> [Your goal]: An exact copy is required of every line from the one with "Het perceel waarop" through the end of the data below, and the pictures must stay out of it.

> [Source material]:
------------
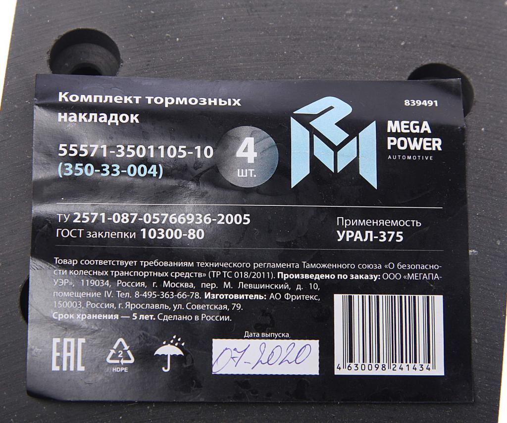35033004 MEGA POWER Накладка тормозной колодки УРАЛ сверленая расточен. комплект 4шт. с заклепками M
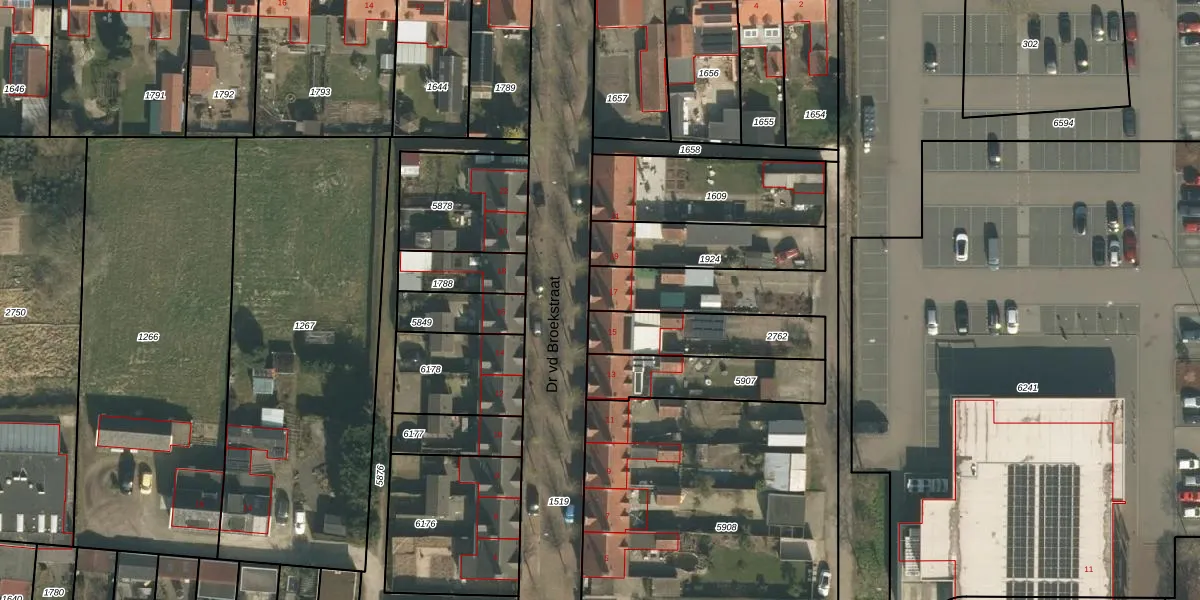 Het perceel waarop Dr vd Broekstraat 17 staat heeft een oppervlakte van 2606 m². Dit is een zeer groot perceel. De perceeloppervlakte wordt geregistreerd door het Kadaster. Gedetailleerde informatie over de maten van dit perceel kunt u vinden in het rapport Kadastrale kaart met maatvoering van Dr vd Broekstraat 17.
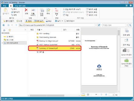 11개 이상의 문서를 선택한 상태로 [열기] 또는 [주석]를 클릭하는 경우, 파일 목록 보기 창에서 목록 상단에 표시되는 첫 번째 문서만 Desktop Editor에서 열립니다.
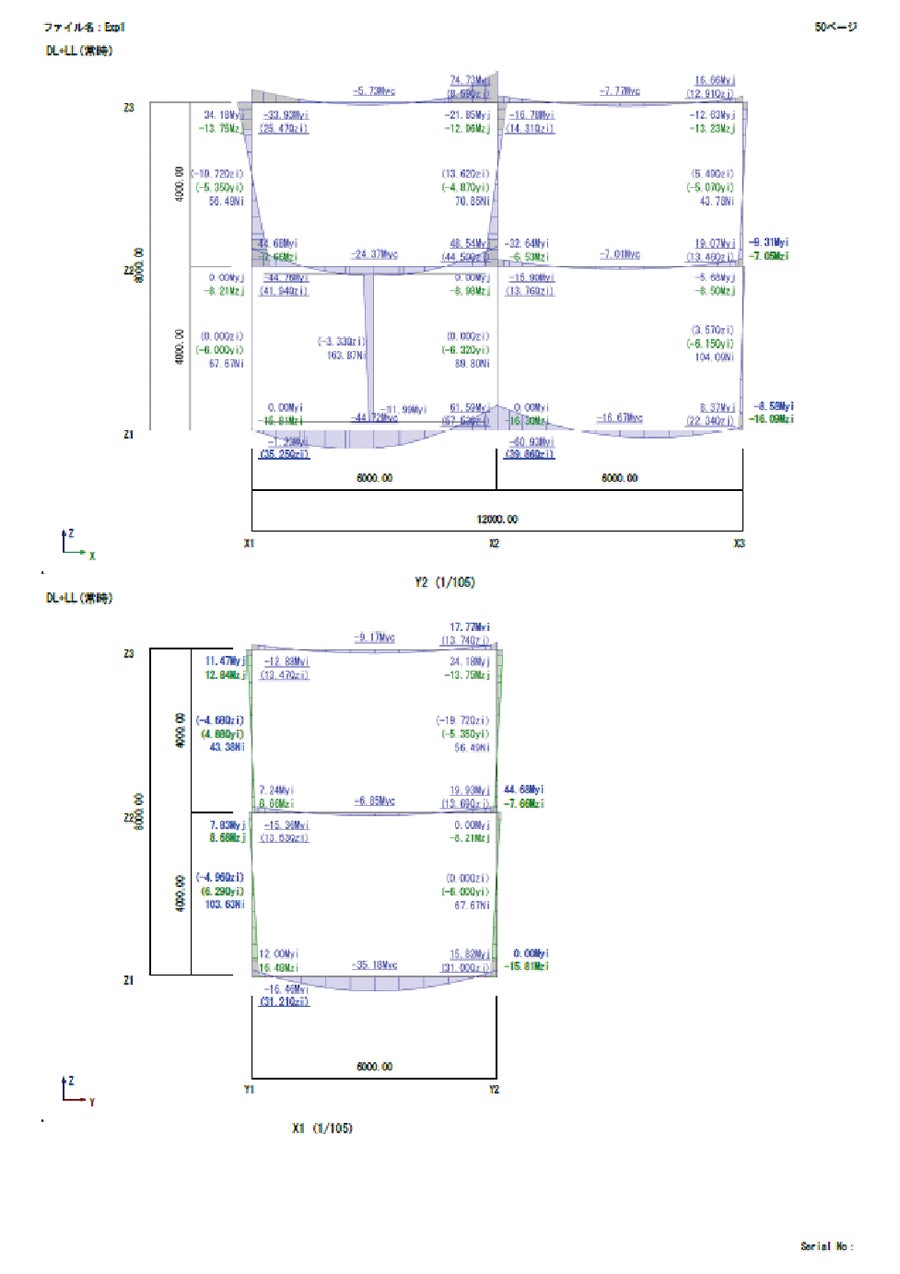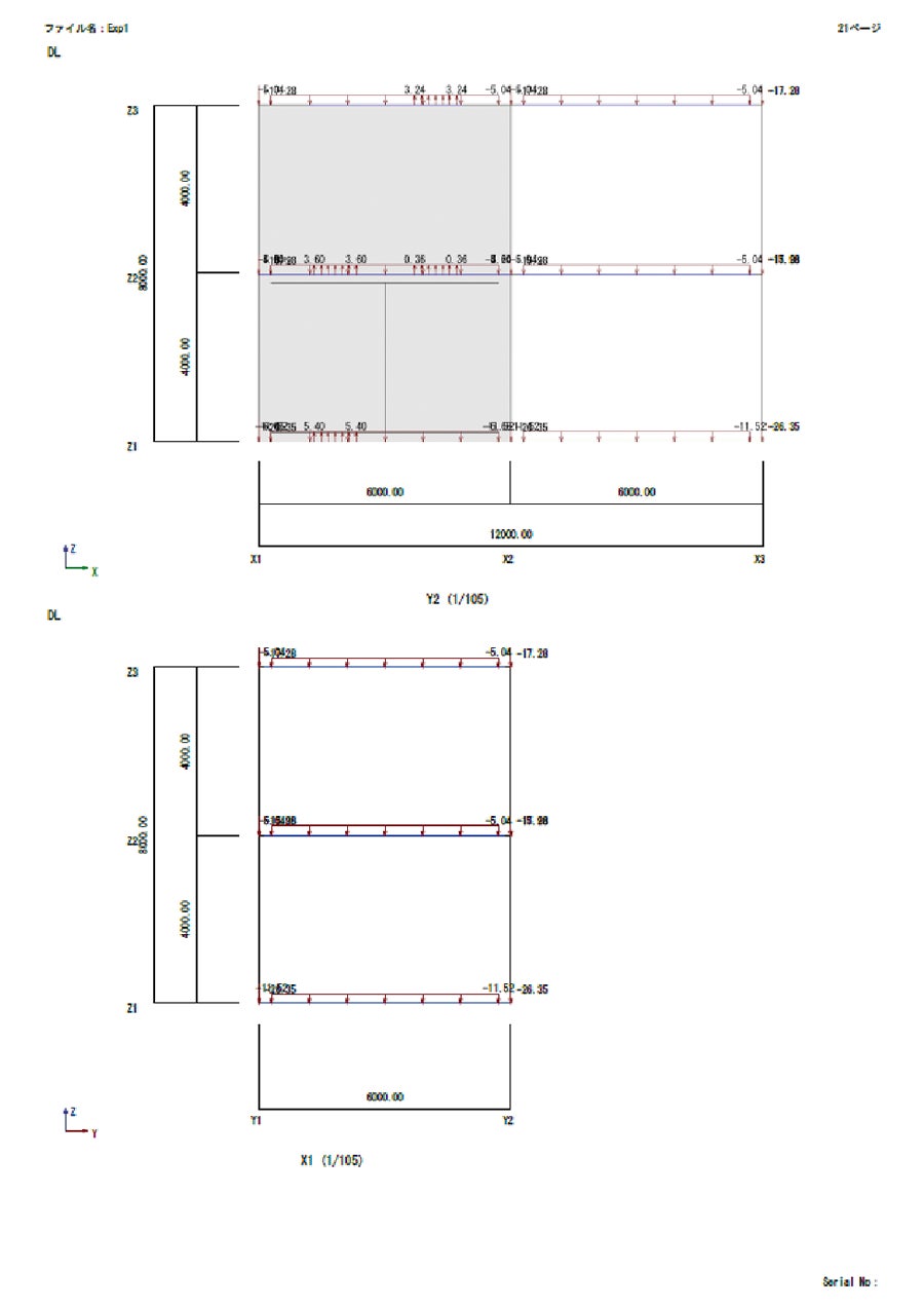 入力データ、弾性応力解析結果、固有値解析結果、偏心率・剛性率計算結果、断面計算結果を、図表に富んだグラフィック形式で、一括出力します。
------------
> [Expected answer]:
 Het perceel waarop Dr vd Broekstraat 17 staat heeft een oppervlakte van 2606 m². Dit is een zeer groot perceel. De perceeloppervlakte wordt geregistreerd door het Kadaster. Gedetailleerde informatie over de maten van dit perceel kunt u vinden in het rapport Kadastrale kaart met maatvoering van Dr vd Broekstraat 17.
 11개 이상의 문서를 선택한 상태로 [열기] 또는 [주석]를 클릭하는 경우, 파일 목록 보기 창에서 목록 상단에 표시되는 첫 번째 문서만 Desktop Editor에서 열립니다.
 入力データ、弾性応力解析結果、固有値解析結果、偏心率・剛性率計算結果、断面計算結果を、図表に富んだグラフィック形式で、一括出力します。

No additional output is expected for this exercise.